Человек семьи, стр. 91

Пит: Уйти в подполье.

Майк: В подполье. Закопаться, все реорганизовать и оставить по паре трупов на каждом углу. Такого еще не было. Я не хочу показаться кровожадным, но, Пит, ты говоришь с людьми, и они тебя больше не боятся, они тебя игнорируют.

Пит: Да.

Майк: Они стремятся бросить тебе вызов, а ты не хочешь показаться кровожадным. Куда это все нас приведет? Люди плюют тебе в лицо. Я имею в виду каждый... каждый третий может прийти в полицию или ФБР и стать крысой.

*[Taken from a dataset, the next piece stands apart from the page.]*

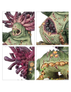 La Bestia de Nurgle puede elegir entre tres barrigas, dos juegos de manos y pies, tres rostros diferentes, dos crestas de tentáculos y dos lenguas babeantes.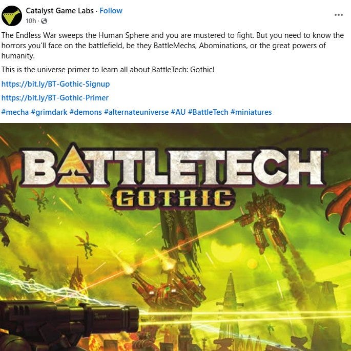 Catalyst Game Labs posted to Facebook about the product, saying, “The Endless War sweeps the Human Sphere, and you are mustered to fight. But you need to know the horrors you’ll face on the battlefield, be they BattleMechs, Abominations, or the great powers of humanity. This is the universe primer to learn all about BattleTech: Gothic.”

Ларри: У нас слишком много сосунков. Есть даже один долбаный тип, один приятель... я знаю. Я псе знаю. Сосунок. Приятный на вид тип. Я должен до него добраться, до этого раздолбал...

Майк: Знаешь, что надо с ним сделать? Ты слышал, что я говорил Питу. Надо найти фонарь. Он должен... надо повесить его на фонаре. Ты понимаешь. Ты должен оттяпать ему его орган, положить ему в карман и оставить там висеть. Это послужит на пользу всем крысам. Они поймут, что с ними будет, если они расколются.

* * *

К счастью для Пата Конте, у Дойла и его организации уши были не везде. Так, они не слышали разговора между Патом и Сэмом, который произошел в самый разгар разоблачений организации.

– Нам остается только одно, ба. Мы должны сидеть тихо и не высовываться. Будет пролито много крови, – сказал Пат своему тестю как-то во время ленча.

– Верно. Мы будем работать в политике, – подтвердил Сэм.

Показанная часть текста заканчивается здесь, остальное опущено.